* [Aim of the exercise]:
In the entries that follow, find the line containing "event May 2-3." and the line containing "Brown suede bag", then copy exactly everything from the first through the second except the pictures.

* [Entries provided]:
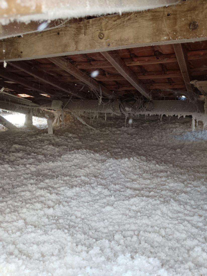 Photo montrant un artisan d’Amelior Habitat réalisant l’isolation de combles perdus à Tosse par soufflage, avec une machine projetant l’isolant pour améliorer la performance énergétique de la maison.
--
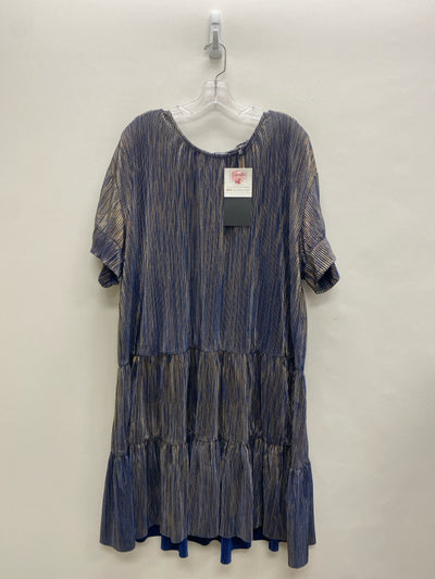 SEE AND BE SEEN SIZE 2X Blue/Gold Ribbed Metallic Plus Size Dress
---
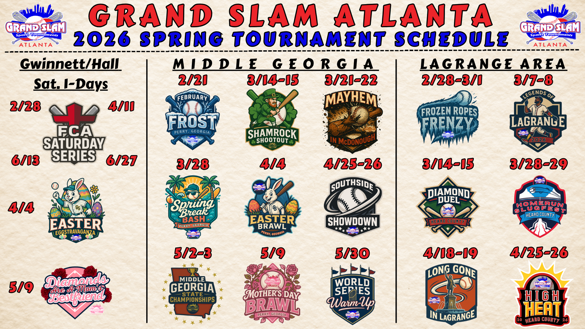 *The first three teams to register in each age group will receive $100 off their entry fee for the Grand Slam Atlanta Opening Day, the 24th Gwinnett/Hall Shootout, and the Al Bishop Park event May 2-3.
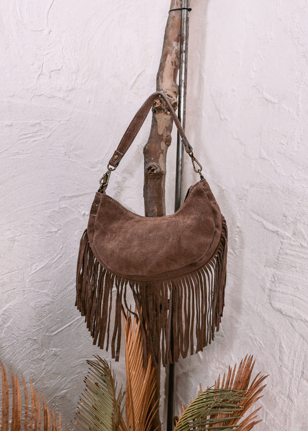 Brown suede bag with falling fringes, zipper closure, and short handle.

* [Response]:
 *The first three teams to register in each age group will receive $100 off their entry fee for the Grand Slam Atlanta Opening Day, the 24th Gwinnett/Hall Shootout, and the Al Bishop Park event May 2-3.
 Brown suede bag with falling fringes, zipper closure, and short handle.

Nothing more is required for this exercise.